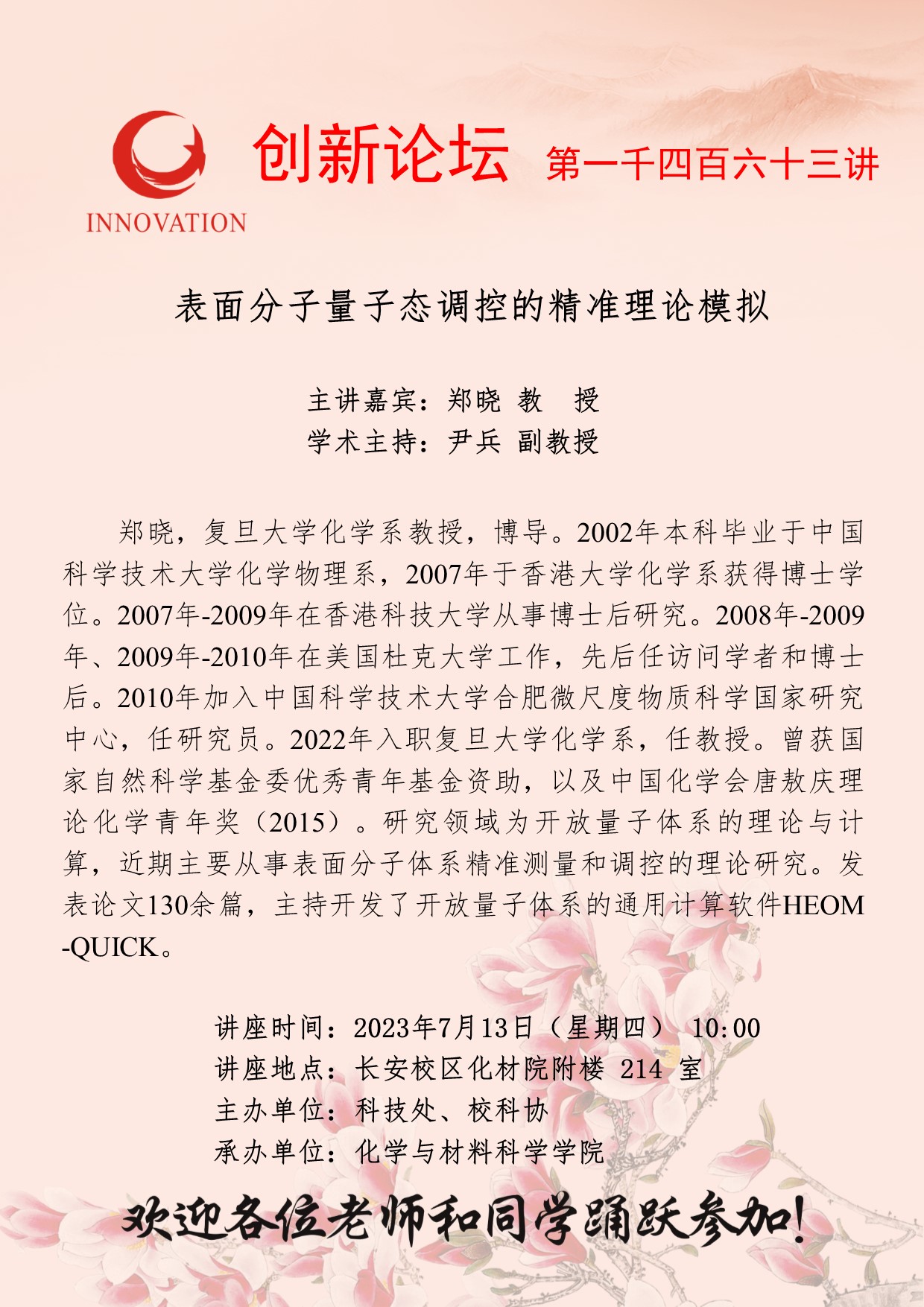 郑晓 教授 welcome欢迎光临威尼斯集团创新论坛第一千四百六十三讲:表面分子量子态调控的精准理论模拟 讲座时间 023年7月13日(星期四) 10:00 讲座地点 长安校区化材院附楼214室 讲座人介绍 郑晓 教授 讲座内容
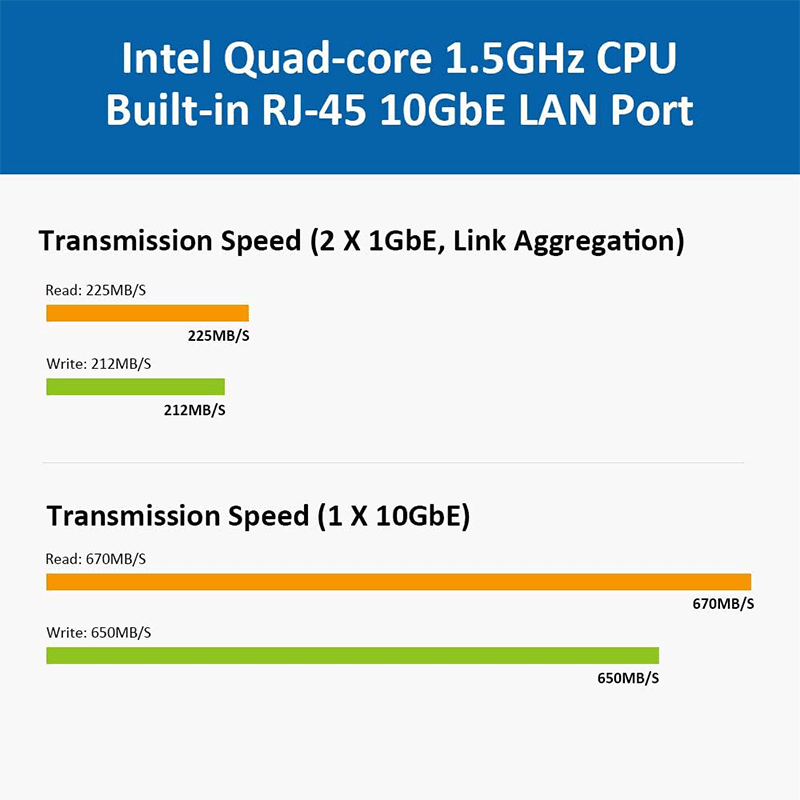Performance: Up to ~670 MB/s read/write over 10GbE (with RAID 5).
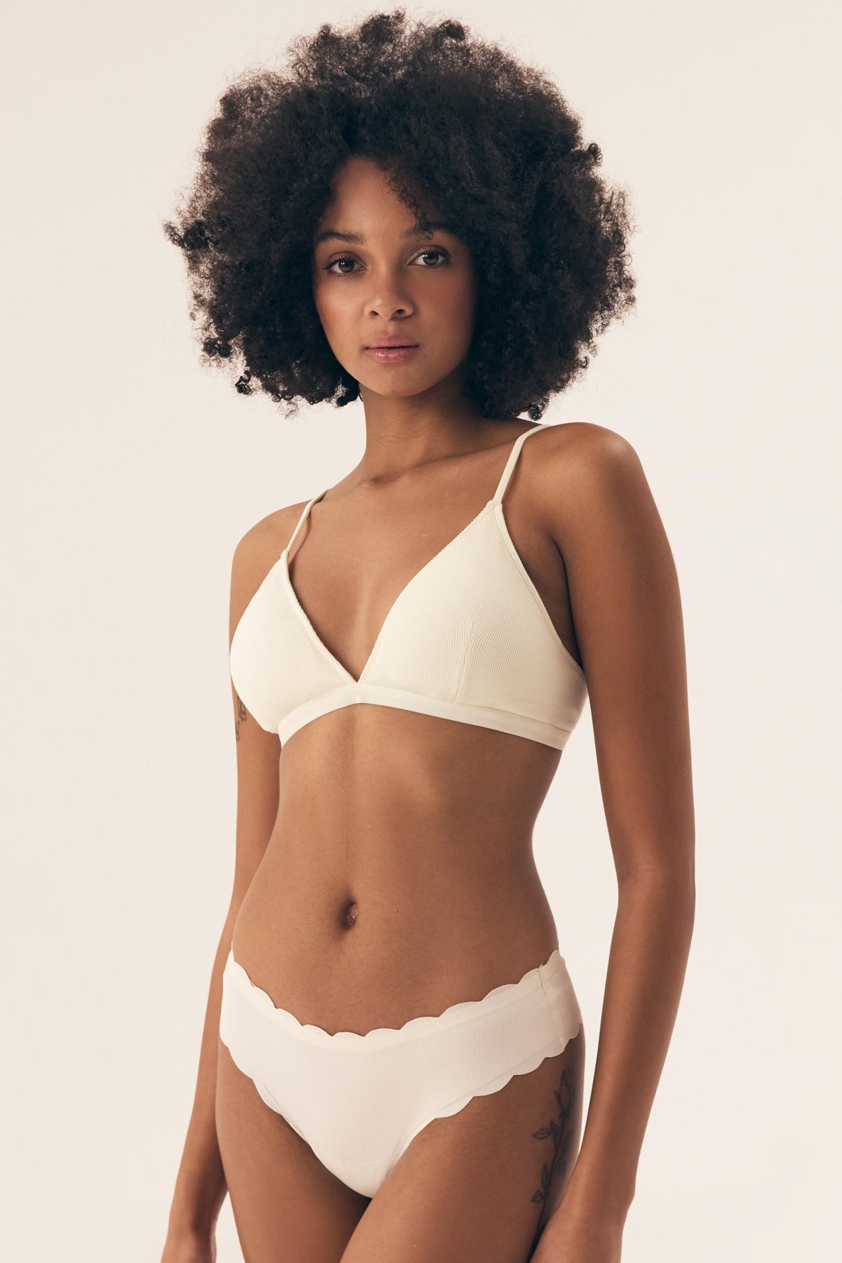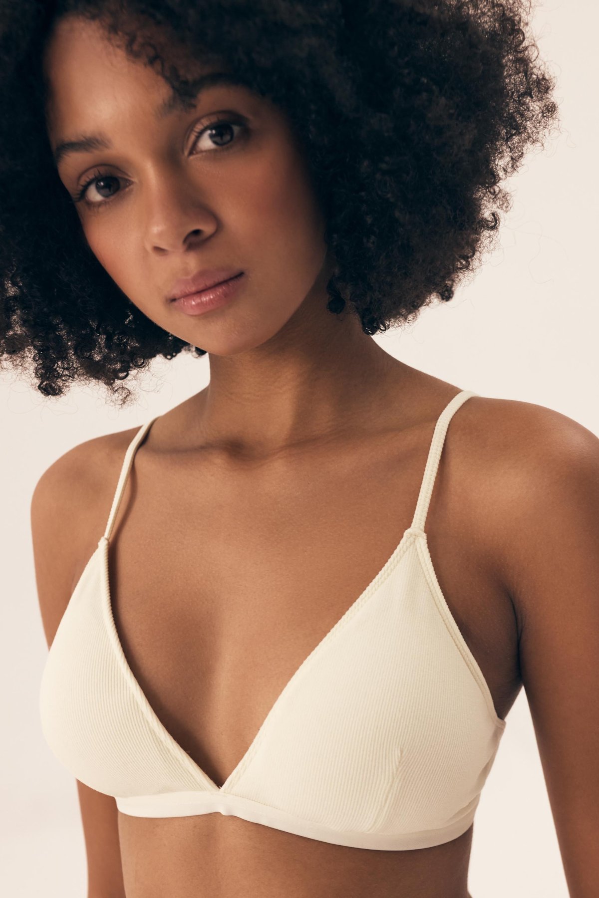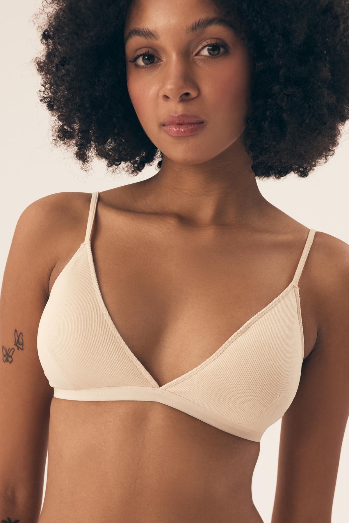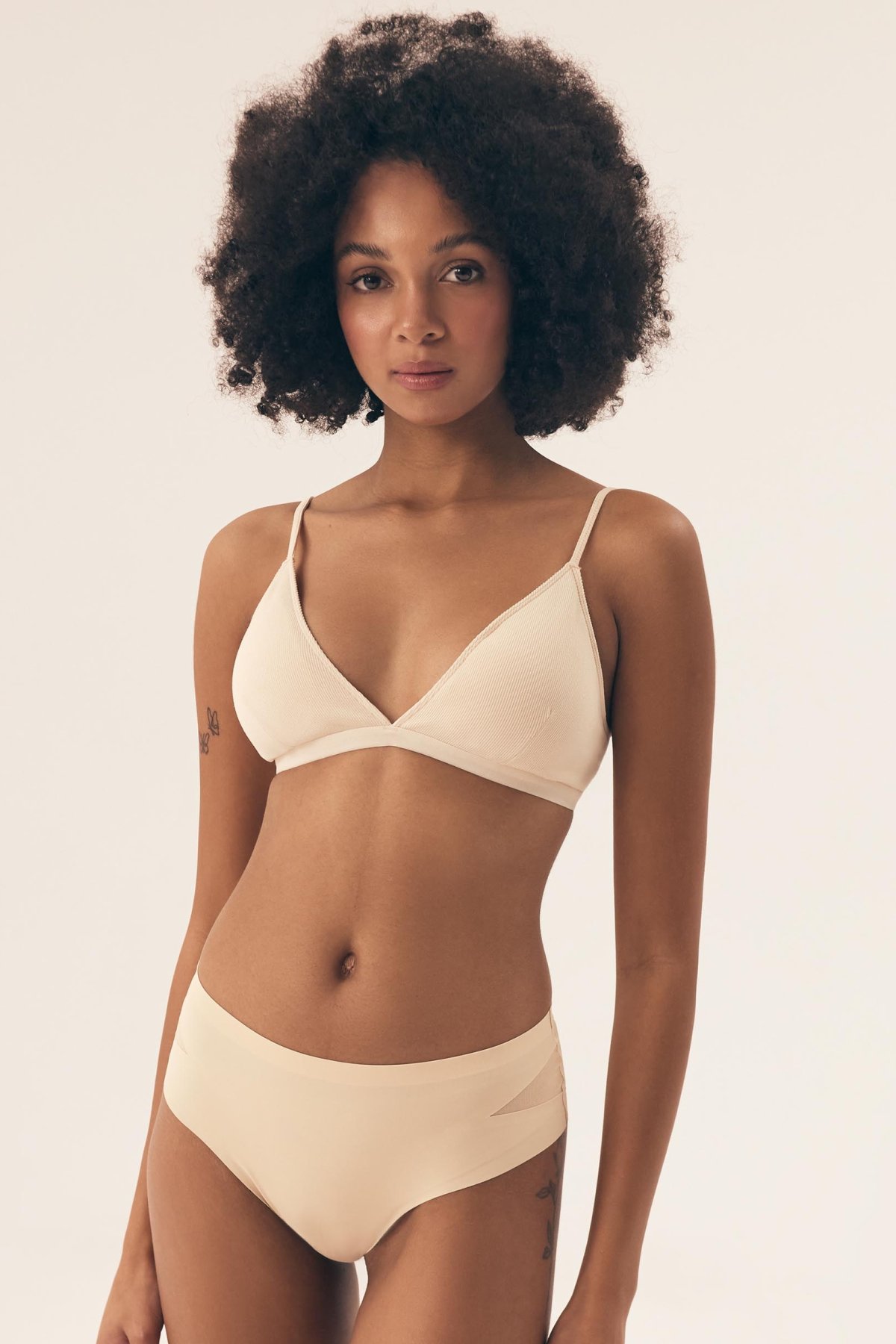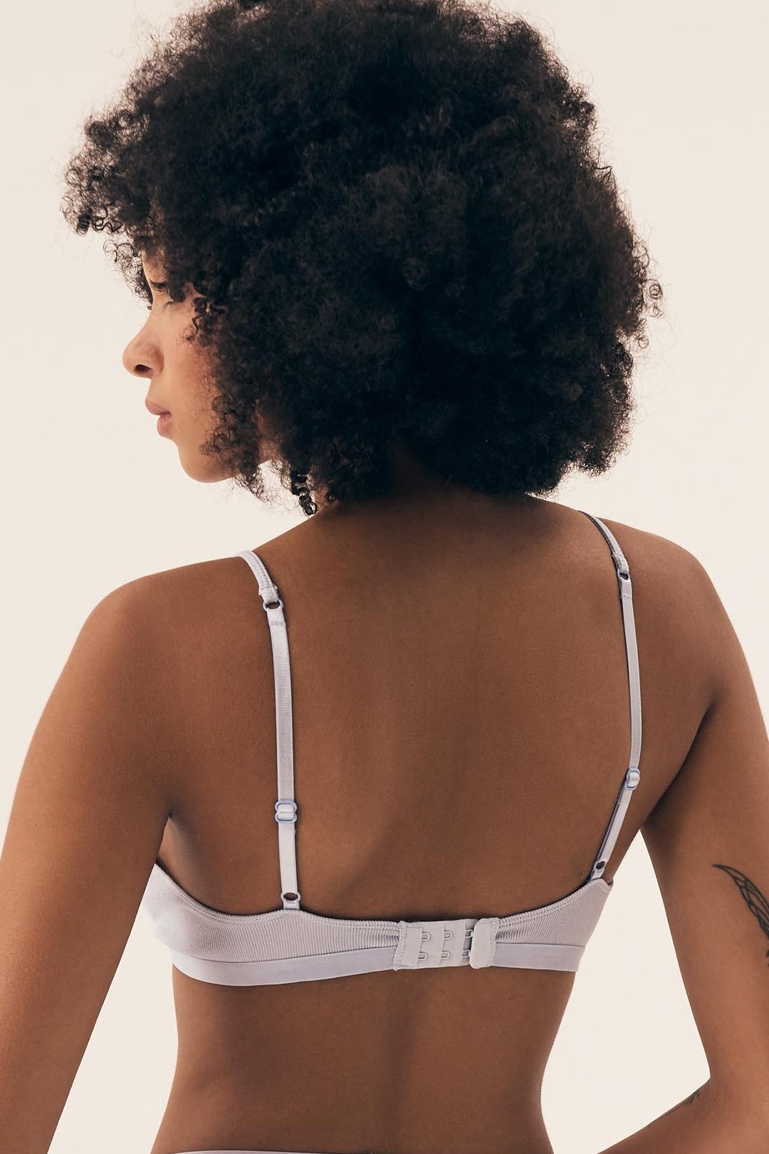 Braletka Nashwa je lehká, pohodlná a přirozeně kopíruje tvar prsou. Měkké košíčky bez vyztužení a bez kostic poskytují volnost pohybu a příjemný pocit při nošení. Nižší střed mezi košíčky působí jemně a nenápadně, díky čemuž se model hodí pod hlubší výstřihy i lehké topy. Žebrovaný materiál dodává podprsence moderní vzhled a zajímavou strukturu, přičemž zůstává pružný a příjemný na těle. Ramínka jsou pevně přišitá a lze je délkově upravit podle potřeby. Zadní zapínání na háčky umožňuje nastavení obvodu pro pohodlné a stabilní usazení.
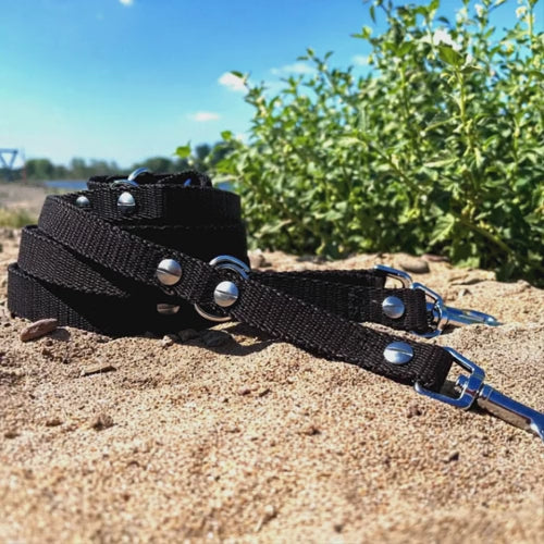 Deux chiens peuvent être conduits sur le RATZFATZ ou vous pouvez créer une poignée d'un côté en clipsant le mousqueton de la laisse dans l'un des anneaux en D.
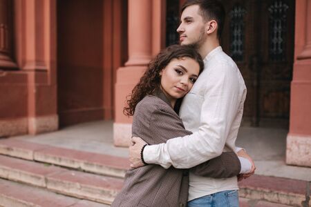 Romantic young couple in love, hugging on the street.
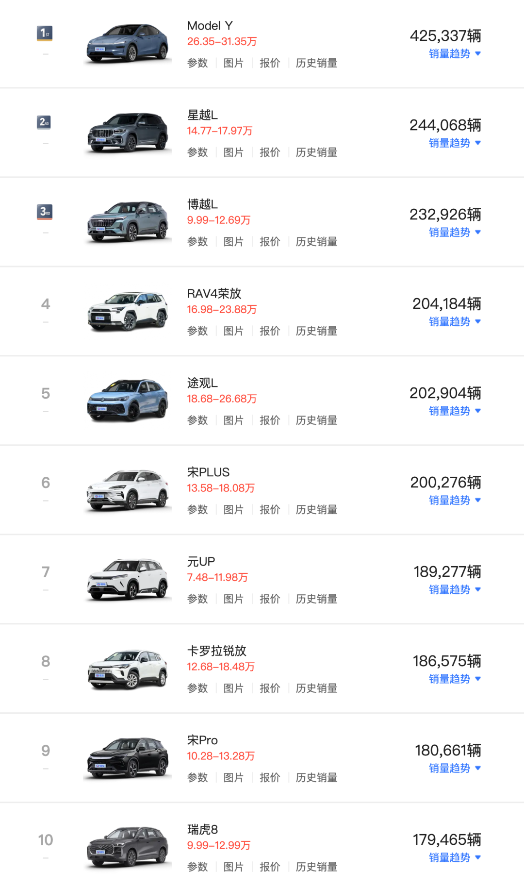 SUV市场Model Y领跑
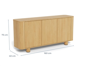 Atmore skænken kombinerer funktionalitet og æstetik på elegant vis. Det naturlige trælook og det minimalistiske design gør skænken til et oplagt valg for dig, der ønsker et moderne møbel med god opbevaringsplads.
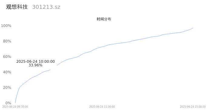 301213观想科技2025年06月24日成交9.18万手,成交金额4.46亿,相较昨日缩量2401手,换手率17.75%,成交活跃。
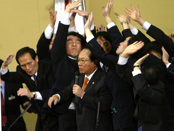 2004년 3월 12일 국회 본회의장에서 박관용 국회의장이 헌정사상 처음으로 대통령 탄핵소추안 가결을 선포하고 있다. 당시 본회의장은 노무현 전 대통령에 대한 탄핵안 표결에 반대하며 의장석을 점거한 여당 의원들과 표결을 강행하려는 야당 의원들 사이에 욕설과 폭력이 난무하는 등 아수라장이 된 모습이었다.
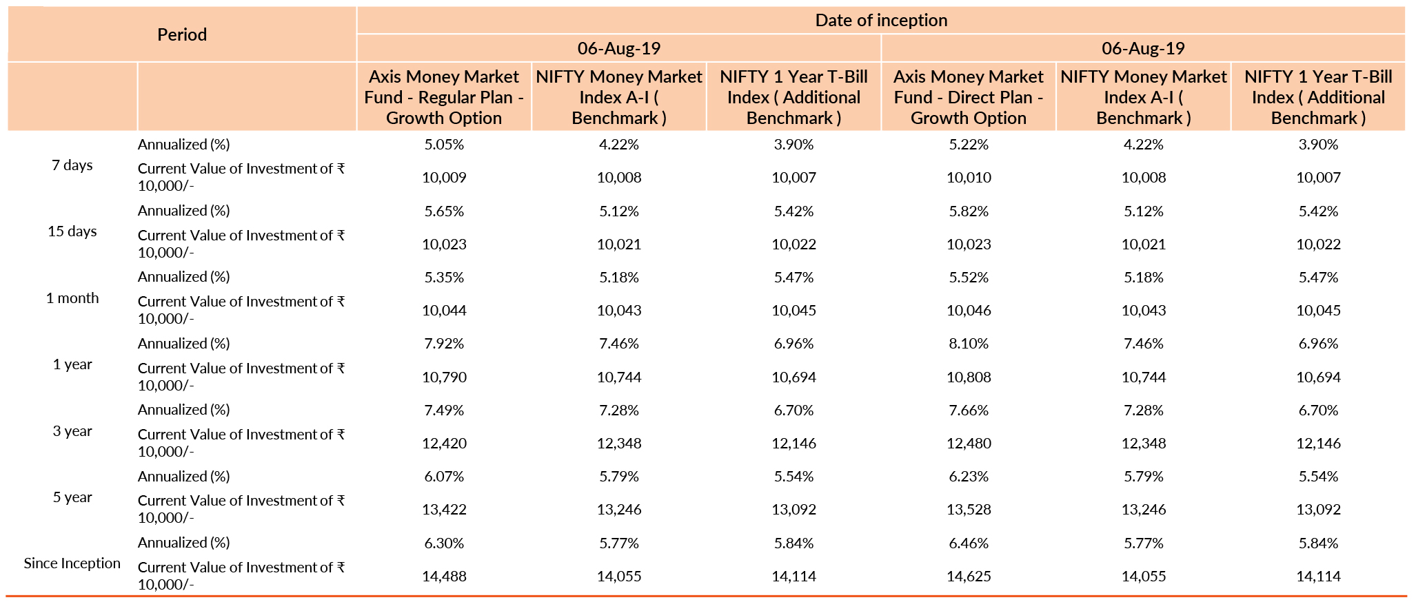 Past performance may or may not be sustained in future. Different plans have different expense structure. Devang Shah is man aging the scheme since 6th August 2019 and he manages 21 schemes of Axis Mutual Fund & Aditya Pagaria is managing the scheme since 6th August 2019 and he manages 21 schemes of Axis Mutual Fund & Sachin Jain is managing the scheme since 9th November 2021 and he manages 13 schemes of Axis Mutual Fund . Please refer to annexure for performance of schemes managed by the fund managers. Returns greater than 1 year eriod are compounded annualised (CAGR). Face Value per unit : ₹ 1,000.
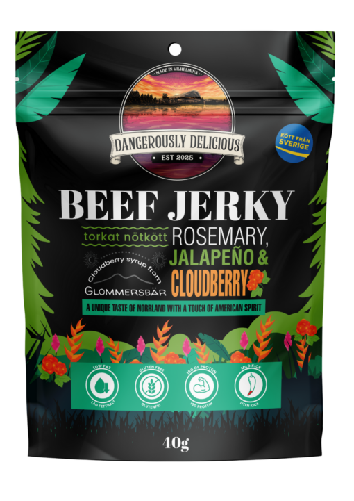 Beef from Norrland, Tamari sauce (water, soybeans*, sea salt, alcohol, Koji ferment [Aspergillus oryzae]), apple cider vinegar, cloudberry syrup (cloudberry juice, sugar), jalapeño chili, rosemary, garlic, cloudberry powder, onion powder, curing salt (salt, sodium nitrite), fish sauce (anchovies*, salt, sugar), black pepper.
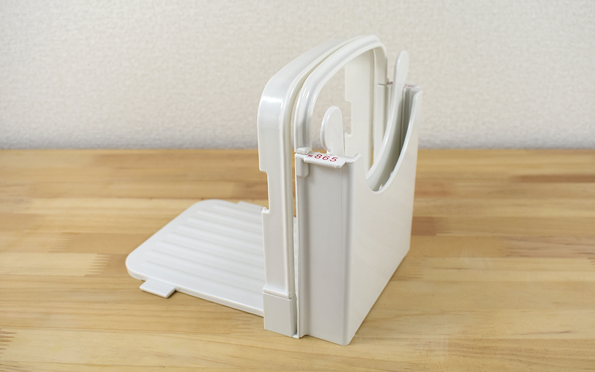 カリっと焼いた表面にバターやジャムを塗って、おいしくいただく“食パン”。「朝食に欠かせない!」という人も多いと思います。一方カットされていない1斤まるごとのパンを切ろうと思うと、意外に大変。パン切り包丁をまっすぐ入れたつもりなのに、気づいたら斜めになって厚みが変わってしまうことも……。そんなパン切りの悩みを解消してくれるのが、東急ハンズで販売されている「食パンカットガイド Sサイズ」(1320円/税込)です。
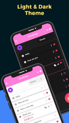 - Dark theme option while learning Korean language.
####
▶ [About this exercise]
For this answer, return word for word the lines from the first line of the records through the line containing "2004년 3월 12일". Omit the pictures.

▶ [Task response]
 郑晓 教授 welcome欢迎光临威尼斯集团创新论坛第一千四百六十三讲:表面分子量子态调控的精准理论模拟 讲座时间 023年7月13日(星期四) 10:00 讲座地点 长安校区化材院附楼214室 讲座人介绍 郑晓 教授 讲座内容
Performance: Up to ~670 MB/s read/write over 10GbE (with RAID 5).
 Braletka Nashwa je lehká, pohodlná a přirozeně kopíruje tvar prsou. Měkké košíčky bez vyztužení a bez kostic poskytují volnost pohybu a příjemný pocit při nošení. Nižší střed mezi košíčky působí jemně a nenápadně, díky čemuž se model hodí pod hlubší výstřihy i lehké topy. Žebrovaný materiál dodává podprsence moderní vzhled a zajímavou strukturu, přičemž zůstává pružný a příjemný na těle. Ramínka jsou pevně přišitá a lze je délkově upravit podle potřeby. Zadní zapínání na háčky umožňuje nastavení obvodu pro pohodlné a stabilní usazení.
 Deux chiens peuvent être conduits sur le RATZFATZ ou vous pouvez créer une poignée d'un côté en clipsant le mousqueton de la laisse dans l'un des anneaux en D.
 Romantic young couple in love, hugging on the street.
 SUV市场Model Y领跑
 Atmore skænken kombinerer funktionalitet og æstetik på elegant vis. Det naturlige trælook og det minimalistiske design gør skænken til et oplagt valg for dig, der ønsker et moderne møbel med god opbevaringsplads.
 301213观想科技2025年06月24日成交9.18万手,成交金额4.46亿,相较昨日缩量2401手,换手率17.75%,成交活跃。
 2004년 3월 12일 국회 본회의장에서 박관용 국회의장이 헌정사상 처음으로 대통령 탄핵소추안 가결을 선포하고 있다. 당시 본회의장은 노무현 전 대통령에 대한 탄핵안 표결에 반대하며 의장석을 점거한 여당 의원들과 표결을 강행하려는 야당 의원들 사이에 욕설과 폭력이 난무하는 등 아수라장이 된 모습이었다.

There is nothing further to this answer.